## PROBLEM
Please print nothing but the lines from the one containing "俯瞰南竿島全域地貌,先民咸認" to the final line below, exactly, and no pictures.

(Stored data entries)
------------
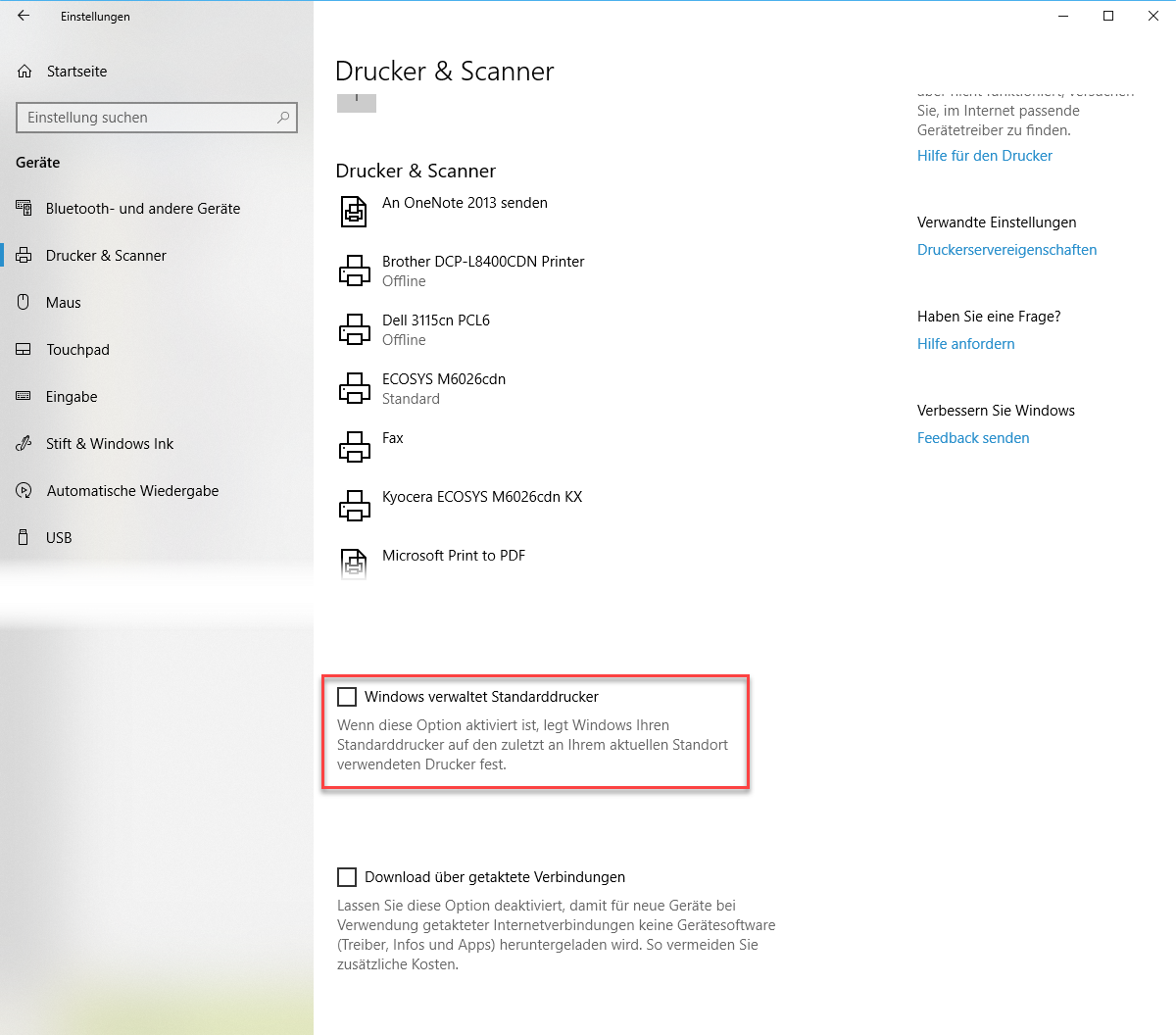 Verhindern Sie auf Ihrer Workstation, dass Windows den Standarddrucker verwaltet. Falls die Checkbox gestellt wäre, übersteuert diese Einstellung die Druckeinstellungen im hmR.
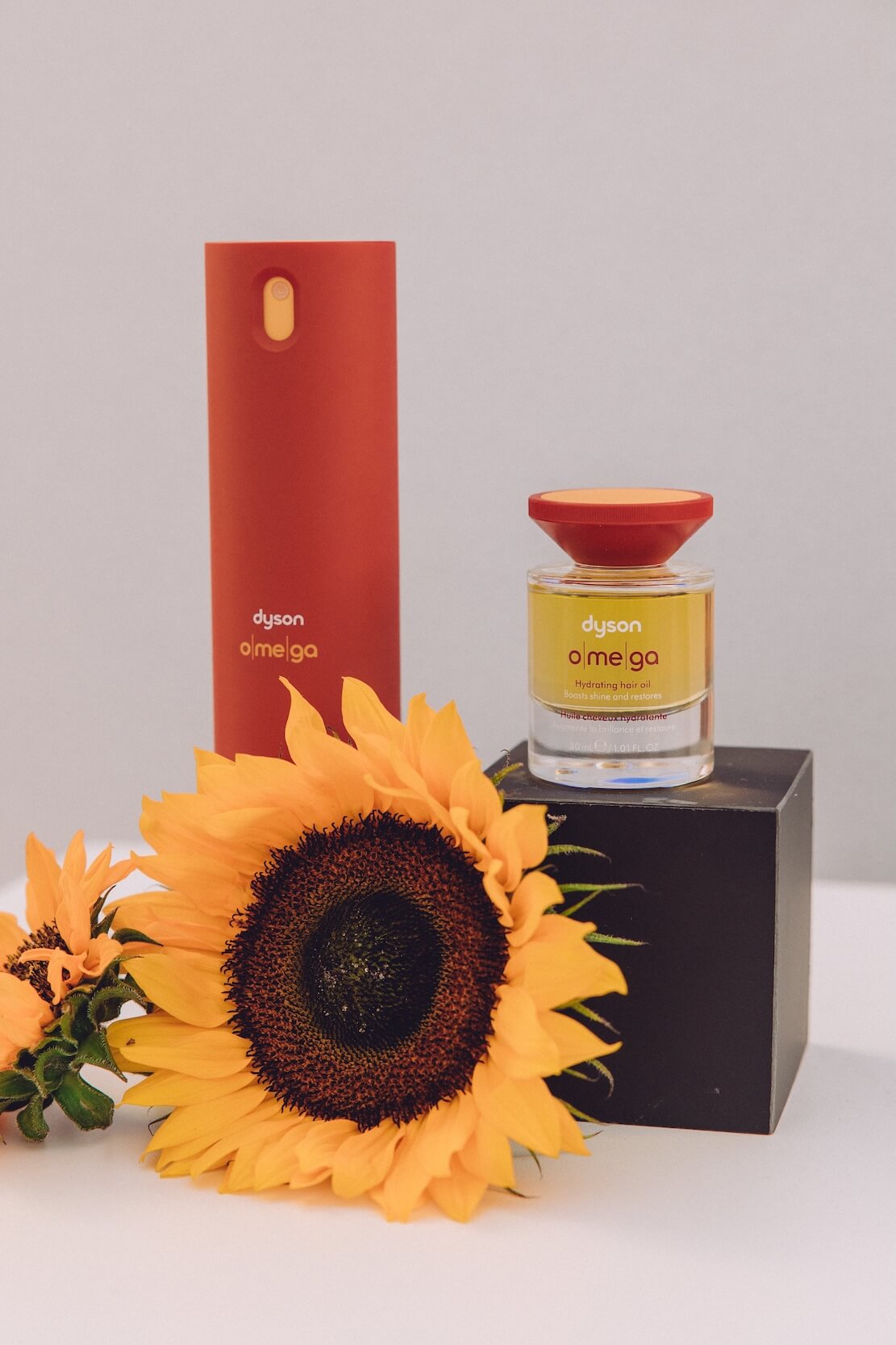 Společnost Dyson představuje svou druhou řadu vlasových přípravků, řadu pro výživu vlasů Dyson Omega™. Inženýři společnosti Dyson spojili 13 let zkušeností v oblasti zemědělství s 12 lety výzkumu vlasové vědy a zaměřili se na přírodní ingredience, aby vyřešili problém suchých vlasů. Tato řada je unikátní jedinečnou směsí sedmi olejů bohatých na omega mastné kyseliny, včetně slunečnicového oleje sklizeného na vlastních farmách Dysonu v britském Lincolnshire. Obsahuje hydratační vlasový olej, který vlasy posiluje a obnovuje a bezoplachový kondicionér ve spreji, který vlasy vyživuje a usnadňuje jejich rozčesávání. Produkty poskytují okamžitou a dlouhotrvající výživu pro všechny typy vlasů.
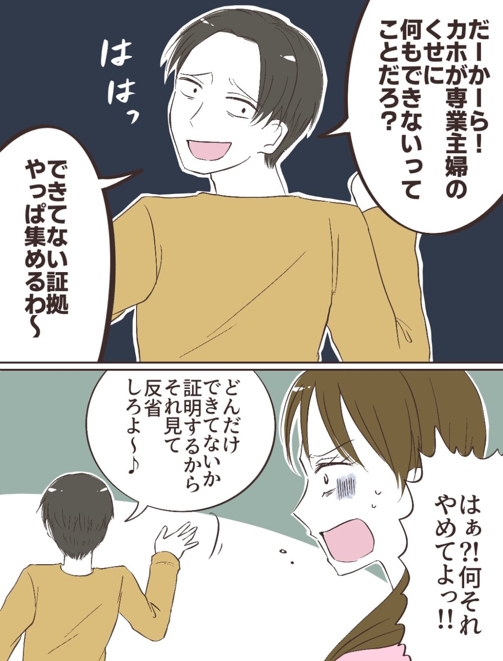 すると、「だーかーらー!カホが専業主婦のくせに何もできないってことだろ?できてない証拠やっぱ集めるわ~」そう言ってバカにしたように笑うキョウスケに、「はぁ!?何それやめてよっ!!」と言うも、「どんだけてきてないか証明するからそれ見て反省しろよ~」そう言うと、とっとと去ってしまいました。
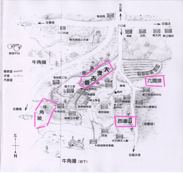 俯瞰南竿島全域地貌,先民咸認為酷似「牛」狀圖騰,於是執「牛角」的地位,拱手讓給牛角澳;牛角人亦不辜負眾人期待,崢嶸多項馬祖第一殊榮,諸如:第一任民選縣長、第一位大學生、首任立法委員...等。打開牛角澳共同記憶之匣,依空間分成四區:
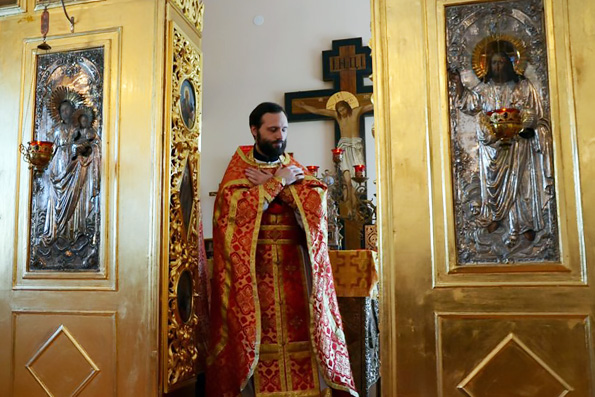 Богослужение совершил проректор по научно-богословской работе иерей Сергий Фуфаев. Песнопения Литургии исполнял хор учащихся 2-го курса РКО под управлением доцента кафедры церковно-певческих и музыкальных дисциплин и преподавателя курса «Знаменное пение» Полины Анатольевны Павловой.
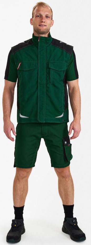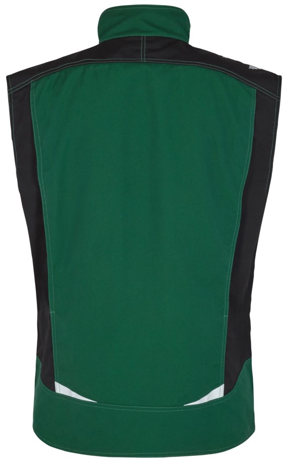 Functional service vest with many details. Extended back section with movement pleat. Concealed front zipper Two spacious slit pockets. Two breast pockets with flaps - the right-hand one with a loop and D-ring for attaching an ID card, the left-hand one with an additional zipped pocket for a cell phone. Two large inside pockets with Velcro fastener. Reflective stripes on the shoulders, front and back for increased visibility. Suitable for industrial laundering.
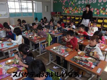 子どもたちの大好きな「ミートスパゲティ」そして,少し苦手な「ホウレンソウ」も出ましたが,がんばって食べていました。
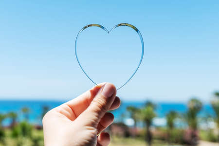 Sea view through shape of heart in the female hand of tropical beach. valentines day. Holiday, holiday concept. Creative, background, copy space, travel, summer.
------------
## RESULT FOR THIS EXERCISE
 俯瞰南竿島全域地貌,先民咸認為酷似「牛」狀圖騰,於是執「牛角」的地位,拱手讓給牛角澳;牛角人亦不辜負眾人期待,崢嶸多項馬祖第一殊榮,諸如:第一任民選縣長、第一位大學生、首任立法委員...等。打開牛角澳共同記憶之匣,依空間分成四區:
 Богослужение совершил проректор по научно-богословской работе иерей Сергий Фуфаев. Песнопения Литургии исполнял хор учащихся 2-го курса РКО под управлением доцента кафедры церковно-певческих и музыкальных дисциплин и преподавателя курса «Знаменное пение» Полины Анатольевны Павловой.
 Functional service vest with many details. Extended back section with movement pleat. Concealed front zipper Two spacious slit pockets. Two breast pockets with flaps - the right-hand one with a loop and D-ring for attaching an ID card, the left-hand one with an additional zipped pocket for a cell phone. Two large inside pockets with Velcro fastener. Reflective stripes on the shoulders, front and back for increased visibility. Suitable for industrial laundering.
 子どもたちの大好きな「ミートスパゲティ」そして,少し苦手な「ホウレンソウ」も出ましたが,がんばって食べていました。
 Sea view through shape of heart in the female hand of tropical beach. valentines day. Holiday, holiday concept. Creative, background, copy space, travel, summer.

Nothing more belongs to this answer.